Herein lies the challenge. DevOps is accustomed to delivering the products at blazing speed while security is in the middle of everything trying to make it secure. You can't blame either team for what they are attempting to accomplish - and it's not for lack of trying. While each team can generally understand what each does and what they are trying to accomplish, they just don't understand how to get their part done without creating issues for each other. Additionally, much of these encounters are cultural and there needs to be an unbiased champion or executive to help get through conflicts, especially when each team deems their part the priority. To complicate matters, DevOps' workloads and priorities have only grown, while security's work has become more tedious with threats becoming more complex.
Yes, integrating security into your DevOps process will add competing priorities, potential pitfalls and delays. DevOps will need to incorporate new processes throughout the development pipeline. This includes introducing automated tools to assist with the whole SecOps integration process. Many DevOps teams are already leveraging automated tools as the pushes and tests are becoming overwhelming now with the increased workload. What's good to know, is there are many great developer tools available today due to some amazing innovation in the last few years.
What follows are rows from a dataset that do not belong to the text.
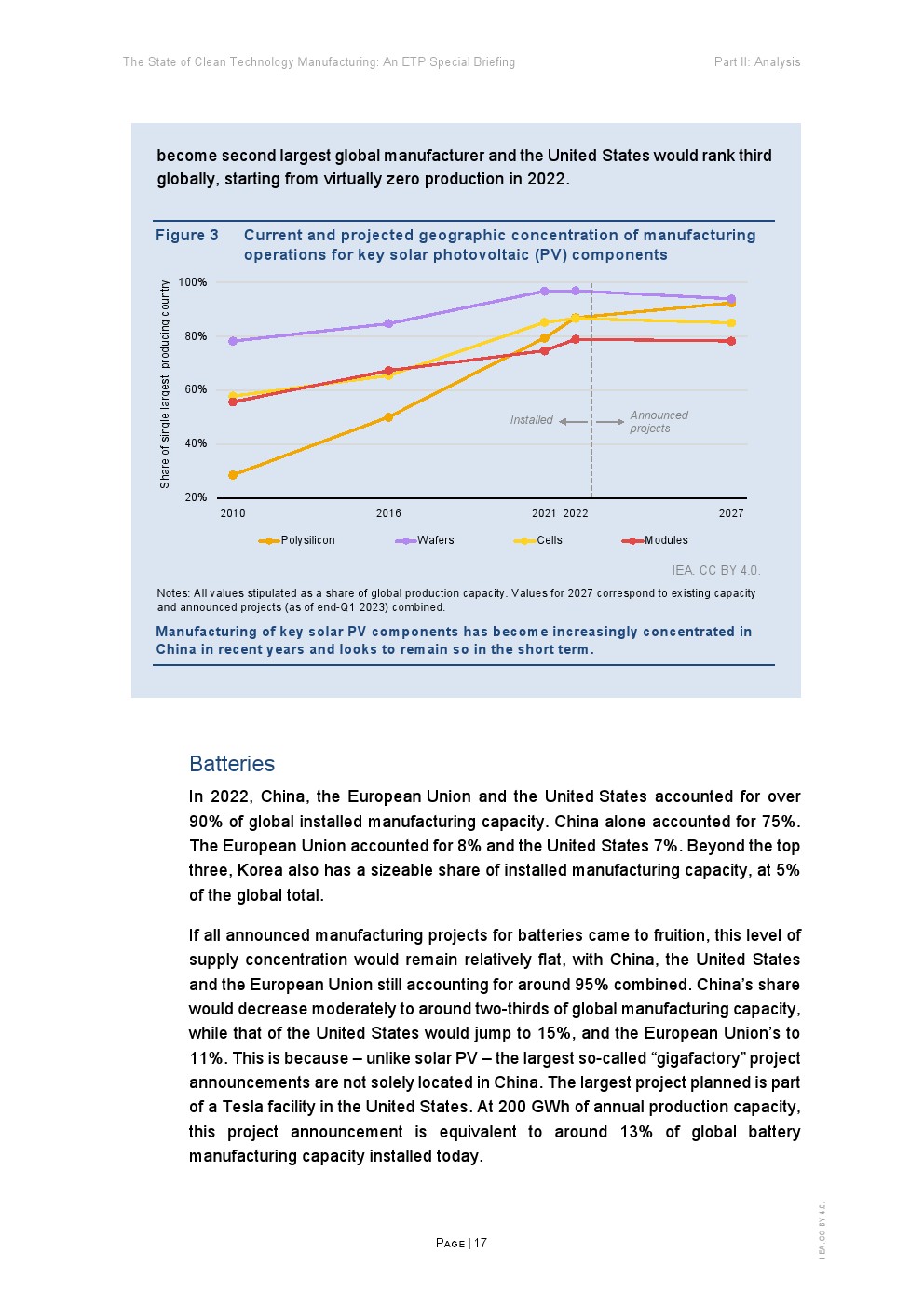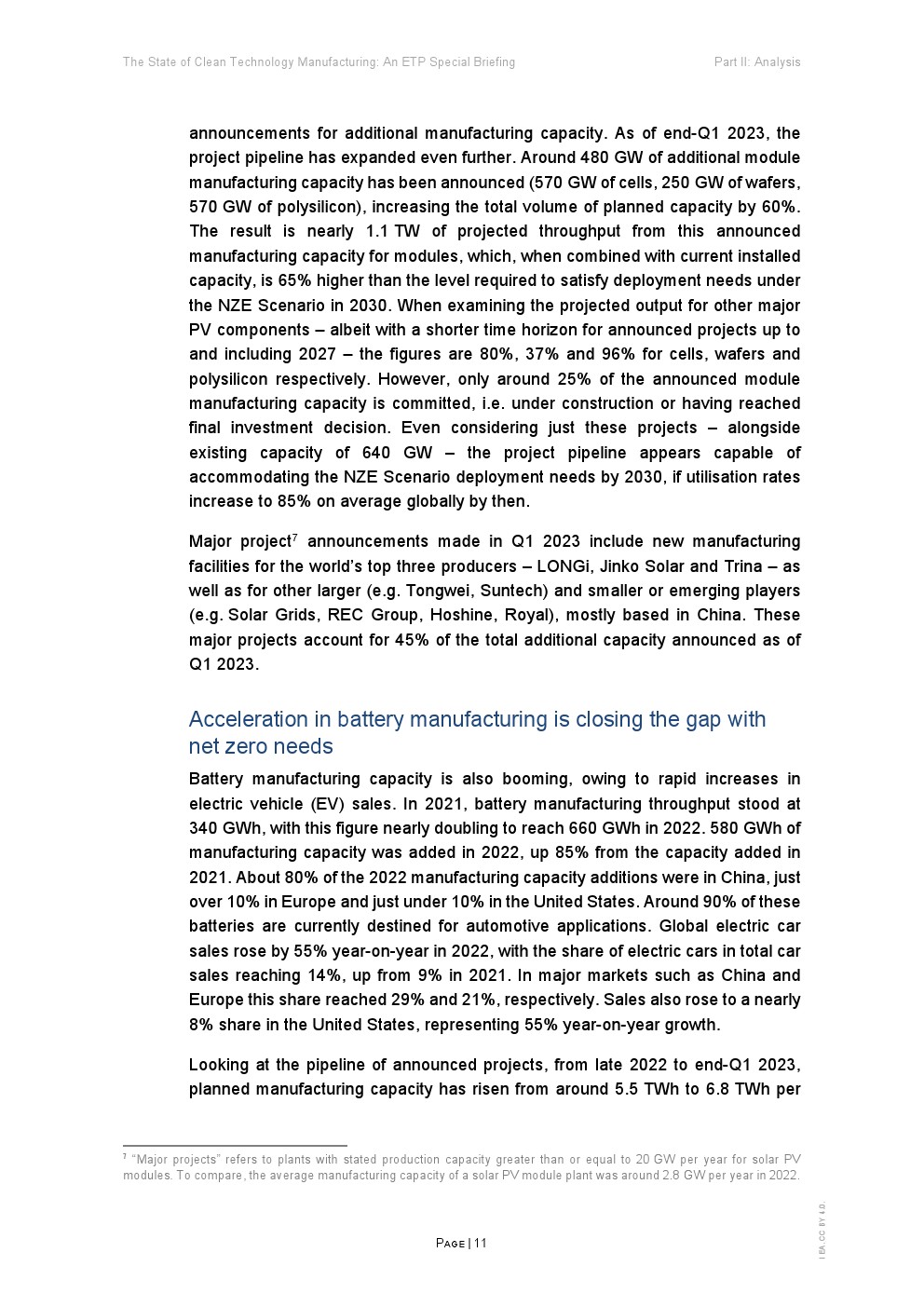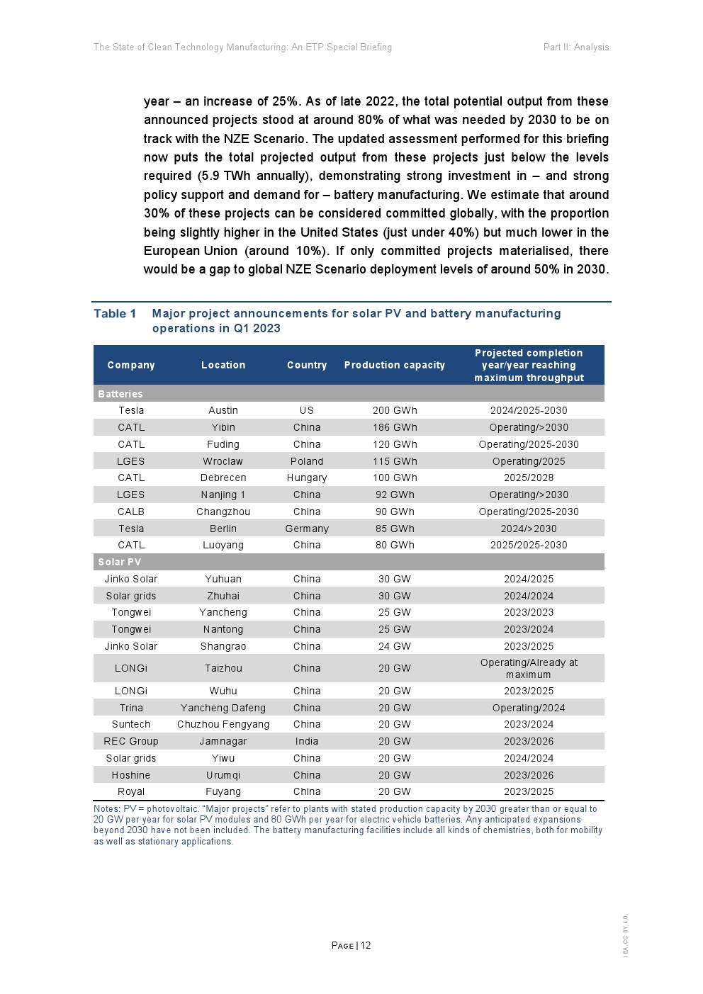 新的制造项目每天都在宣布。自国际能源署(IEA)在《2023年能源技术展望》(Energy technology Perspectives 2023)中对清洁技术制造业进行分析以来的短时间内,已宣布的太阳能光伏项目到2030年的预计产量增长了60%,电池项目增长约1/4,电解槽项目增长约20%。
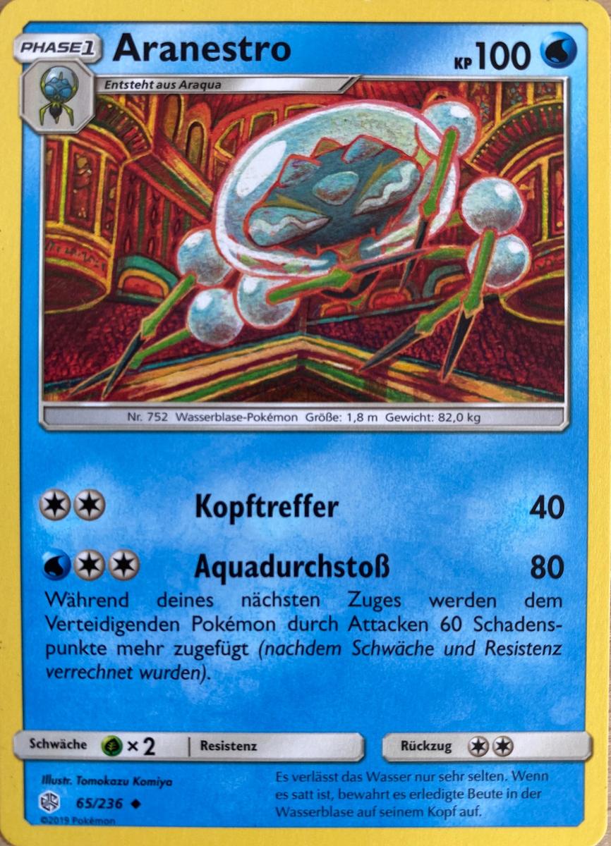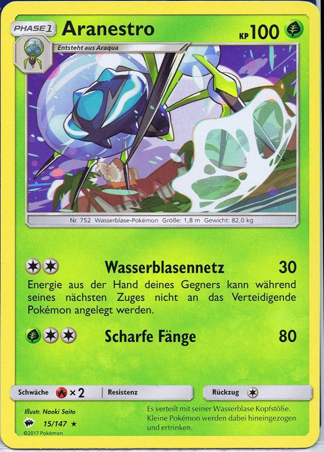 Aranestro ist wohl einer der stärksten physischen Angreifer in diesem Modus und profitiert enorm von seiner Fähigkeit Wasserblase, welche nicht nur die Kraft von Aquadurchstoß erhöht, sondern auch eventuelle Verbrennungen verhindert, die den Angriffswert senken könnten. Die EVs sind ganz simpel, garantieren overall größten Bulk und größte Angriffskraft. Als Item ist das Aquium Z Standard, alternativ können aber auch Zauberwasser oder Überreste benutzt werden. Beim Moveset hat man mehrere Möglichkeiten; Mit Aquium Z ist meist Anfallen + Filler gesehen, Zauberwasser ist meist auf Rundumschutz + Toxin gespielt und Überreste auf Sets mit Delegator. Das ist natürlich nicht verbindlich, man kann auf jedem Set prinzipiell jedes Item spielen. 0 Init-DVs für maximale Potentialausschöpfung im Bizarroraum.
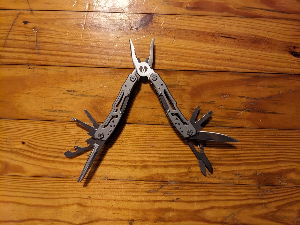 The tools in general are excellent, with some minor reservations. The knife was barely shaving sharp out of the box. It could have used some additional attention at the factory. The serrated “saw” would probably function better as a serrated knife, but was not especially sharp. The belt loop on the pouch that came with the multi-tool was somewhat flimsy, which could easily lead to the loss of the tool in the field. I would recommend an integrated pocket clip rather than a pouch. The multi-tool is made in China. I estimate its value to be roughly $25.
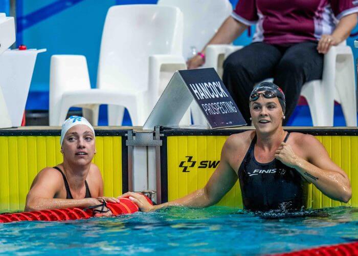 IN other events, World Champion Meg Harris (Rackley) added the 50m freestyle to her wins in the 100 and 200m freestyle completing a rare treble, winning the title in an impressive 24.48 from fellow Olympic golden girl Shayna Jack (St Peters Western) 24.79 and Milla Jansen (Bond) 25.14.
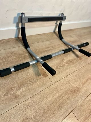 Vendo barra de dominadas nueva, sin usar. La compré pero al final no la he utilizado. Es resistente y tiene varias zonas acolchadas para poder hacer diferentes agarres cómodamente. Además, no daña ni araña el marco de la puerta, ya que las partes que apoyan están acolchadas. Perfecta para entrenar en casa: dominadas, fondos, abdominales, etc. Ideal si quieres ponerte en forma sin ir al gimnasio. Entrego en persona en Segovia o hago envíos en 24h. Cualquier duda contacta conmigo.

These tools are thorough and provide solutions throughout the DevOps process. This is especially important and efficient during the testing phases.
Place a value on security
It is crucial that security become part of the culture and everybody owns it. This is especially important if you want to successfully integrate security into your DevOps process and pipeline. Obviously, your developer and operations teams are not security experts by education or career, so their mode of thinking will not have a security focus. Managers need to ensure there are champions for security ownership throughout the teams, process and projects. Documenting, training and socializing SecOps best practice will need to become the IT organization's mantra. Then you will start to see how this bridges the gap between security and development, but it will also spawn creativity to design and incorporate better security and efficiencies by both teams throughout the process.
As mentioned, several times earlier, the best way to get secure and stay that way is to incorporate security at the beginning and throughout the entire process. Be flexible and smart with how your managing your security activities so that the teams aren't caught up in vulnerability catch-up or a deployment showstopper during release.
While DevOps should be incorporating the latest automation tools, it's important that the same is adopted for many of the security tasks as well. Automated tools when leveraged well can easily reduce valuable human time, including in some of the early-mid stages of the process. Using the tools must be part of monitoring your products in production as well, so that you can respond to issues before your customers alert you to them.
No silver bullet
Deploying DevSecOps in your environment is no easy task and there is no silver bullet. Every company, team and environment are different which adds to the complexity. You will need to evaluate your entire team and processes thoroughly. From there, it will take your entire team to build a comprehensive strategy that incorporates better security into all your processes.
Lastly, as the future calls for more and more operational aspects move to the cloud, there will have to be much forethought as your environment shift happens. Technology is moving faster than we can keep up much of the time. So, keep your teams trained and involved in these discussions so they are not only supportive, but ready for the challenges as well.